Lections and John 14:27
Asbury First United Methodist Church
1. 63 Lincoln
In the Henry Ford Museum, near Detroit, you will find a remarkable assortment of Amerabilia. Would you like to see Ford’s first automobile? Its tiny little black wooden self greets you. Do you remember the Edsel? Here is one. Have you spent time over the years in a Howard Johnsons—not recently, I know, but once on a time? Here are signs for the restaurant and the ice cream and the motel. Do you own a map of the country that features Route 66? You will want one after this tour. Did you ever see one of those amphibious cars, both auto and boat, with drive shaft and propellers? The museum has one in baby blue. What is it about that 57 Chevy? One two-tone, green and cream, greets you.
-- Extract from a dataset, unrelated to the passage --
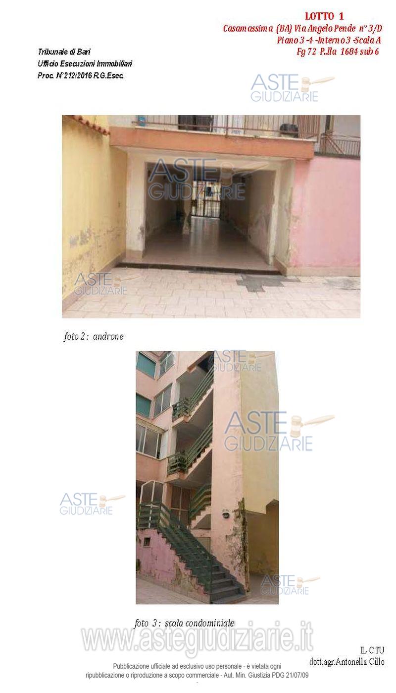 Vendita all'asta Senza incanto, con gara telematica asincrona - LOTTO 1: Appartamento al terzo piano composto da quattro vani e accessori, con pertinenziale lastrico solare e posto auto nell'atrio condominiale. Prezzo base € 102.235,86 (offerta minima € 76.677,00). Data inizio operazioni di vendita: 14/04/2026 ore 10:00. Giudice Dott. Marina Cavallo. Professionista delegato alla vendita Dott. Francesco Campobasso - Email "campobassoassociati@gmail.com"; Tel. 0805214596. Custode Giudiziario Dott. Francesco Campobasso - Email "campobassoassociati@gmail.com"; Tel. 0805214596. Rif. Tribunale di Bari - Esecuzione immobiliare post legge 80 n. 212/2016

I did not plan to be personally moved in the car museum and was not moved. Until the end. At the end there is a procession of presidential automobiles, sort of Motor Force One, you could say. One that TR used and with him Woodrow Wilson. FDR had a great black one. And Eisenhower, too. I think they were all Lincolns. Most of the detail, though, I forgot as I came to the 1963 version. Now topped, not convertible. Now bulletproof, not open. Now shined, black and immobile, not dusty and scuffed and moving past a grassy knoll. But right there, right blessed there.
A fine, long, black 1963 Lincoln Continental, the very best of American engineering, on the best of American roads, in the best of American cities, carried the best of American leaders…to his death.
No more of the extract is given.